"A little wanton money, which burned out the bottom of his purse"
About this Quote
The phrase lands like a tiny moral parable disguised as bookkeeping: money isn’t merely spent, it’s “wanton,” and it doesn’t empty the purse so much as scorch through it. More’s verb choice turns finance into arson. The “little” is a trap, too - the sort of minimization people use when they’re already rationalizing a vice. A small indulgence, he implies, can have an outsized consequence because the damage isn’t linear; it’s structural. Once the bottom is gone, everything else falls through.
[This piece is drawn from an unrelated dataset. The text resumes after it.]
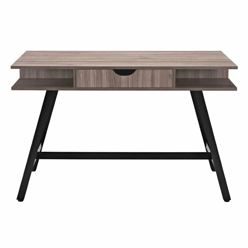 Draw attention to a contemporary writing table that doubles as a study in functionality. This is a dynamic piece which features four open cubby corners and a pull out drawer with a fifth storage area opposite the drawer on the other side. The desk is layered with a natural wood grain patterned melamine finish and is supported by powder coated black steel legs. It is versatile down to the very bottom of the piece with adjustable foot glides that help keep the table level. Whether you plan to sit alone, or with a friend sitting on the other side of you, this desk adds a contemporary style perfect for any contemporary home or office.
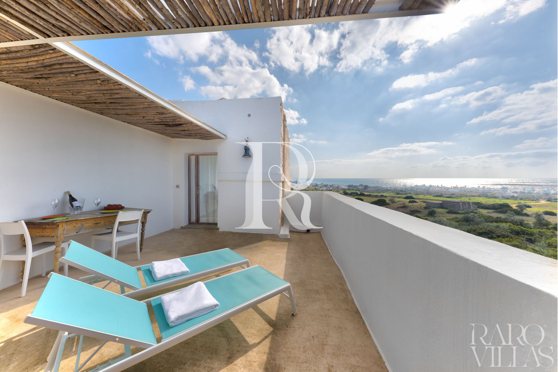 The suite dominates the surrounding landscape from a privileged position, accessed by side staircase.

The intent is sharply corrective. More writes from a Christian humanist world that treats economic life as a test of character, not a neutral arena of preference. “Wanton” in his era carries sexual and moral looseness, so the subtext is that reckless spending is kin to lust: appetite ungoverned by reason. It’s not an accident that the purse is personified as something vulnerable and bodily. The image shames without sermonizing; you can almost see the singed leather.
Context matters: early 16th-century England is a place where display, patronage, and courtly consumption are rising, while older moral frameworks insist that excess corrodes the soul and the household. More, who would later die for principle, had a lifelong suspicion of the ways private desires metastasize into public rot. This line suggests that “a little” corruption is still corruption - and that the first casualty is the container meant to hold you together.
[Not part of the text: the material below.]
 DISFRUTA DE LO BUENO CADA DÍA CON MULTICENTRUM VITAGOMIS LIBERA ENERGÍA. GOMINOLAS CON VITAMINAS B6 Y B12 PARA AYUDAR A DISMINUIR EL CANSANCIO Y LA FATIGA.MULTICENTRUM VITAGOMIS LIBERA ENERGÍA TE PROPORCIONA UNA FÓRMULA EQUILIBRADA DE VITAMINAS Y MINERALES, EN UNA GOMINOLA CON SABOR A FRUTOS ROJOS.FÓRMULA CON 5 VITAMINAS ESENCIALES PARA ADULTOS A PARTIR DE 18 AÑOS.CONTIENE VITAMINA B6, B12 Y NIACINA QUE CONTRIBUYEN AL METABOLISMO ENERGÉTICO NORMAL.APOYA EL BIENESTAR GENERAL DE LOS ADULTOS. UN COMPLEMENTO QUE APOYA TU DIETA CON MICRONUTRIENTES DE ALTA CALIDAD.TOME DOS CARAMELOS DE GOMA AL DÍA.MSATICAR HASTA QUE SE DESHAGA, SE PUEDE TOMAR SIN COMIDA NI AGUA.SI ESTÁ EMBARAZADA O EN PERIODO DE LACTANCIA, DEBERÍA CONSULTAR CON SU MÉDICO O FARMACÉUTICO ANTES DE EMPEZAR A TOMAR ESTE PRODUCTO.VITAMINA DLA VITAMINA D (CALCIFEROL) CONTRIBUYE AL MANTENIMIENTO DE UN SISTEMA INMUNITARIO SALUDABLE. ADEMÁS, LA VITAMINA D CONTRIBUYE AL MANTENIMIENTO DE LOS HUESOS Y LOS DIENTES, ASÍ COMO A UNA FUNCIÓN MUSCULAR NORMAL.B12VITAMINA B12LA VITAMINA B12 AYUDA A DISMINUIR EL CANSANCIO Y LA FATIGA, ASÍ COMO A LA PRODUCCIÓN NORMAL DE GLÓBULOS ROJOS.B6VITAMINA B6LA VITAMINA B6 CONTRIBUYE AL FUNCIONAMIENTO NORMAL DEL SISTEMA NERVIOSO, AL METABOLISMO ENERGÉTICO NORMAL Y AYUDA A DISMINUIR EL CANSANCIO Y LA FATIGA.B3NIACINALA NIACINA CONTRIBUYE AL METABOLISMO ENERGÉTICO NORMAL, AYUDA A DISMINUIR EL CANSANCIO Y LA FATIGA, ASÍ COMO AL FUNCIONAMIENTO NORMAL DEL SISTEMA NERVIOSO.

The intent is sharply corrective. More writes from a Christian humanist world that treats economic life as a test of character, not a neutral arena of preference. “Wanton” in his era carries sexual and moral looseness, so the subtext is that reckless spending is kin to lust: appetite ungoverned by reason. It’s not an accident that the purse is personified as something vulnerable and bodily. The image shames without sermonizing; you can almost see the singed leather.
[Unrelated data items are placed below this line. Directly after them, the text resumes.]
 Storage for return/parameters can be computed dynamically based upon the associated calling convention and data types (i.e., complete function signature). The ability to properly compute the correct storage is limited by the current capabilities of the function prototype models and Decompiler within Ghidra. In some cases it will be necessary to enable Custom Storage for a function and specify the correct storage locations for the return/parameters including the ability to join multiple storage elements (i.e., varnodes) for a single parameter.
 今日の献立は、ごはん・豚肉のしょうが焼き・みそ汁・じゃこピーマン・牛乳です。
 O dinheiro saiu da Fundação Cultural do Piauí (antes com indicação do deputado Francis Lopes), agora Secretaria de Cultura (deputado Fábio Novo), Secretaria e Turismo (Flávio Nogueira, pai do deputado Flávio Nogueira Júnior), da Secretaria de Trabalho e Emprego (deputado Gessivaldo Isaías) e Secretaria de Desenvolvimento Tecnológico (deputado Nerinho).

Context matters: early 16th-century England is a place where display, patronage, and courtly consumption are rising, while older moral frameworks insist that excess corrodes the soul and the household. More, who would later die for principle, had a lifelong suspicion of the ways private desires metastasize into public rot. This line suggests that “a little” corruption is still corruption - and that the first casualty is the container meant to hold you together.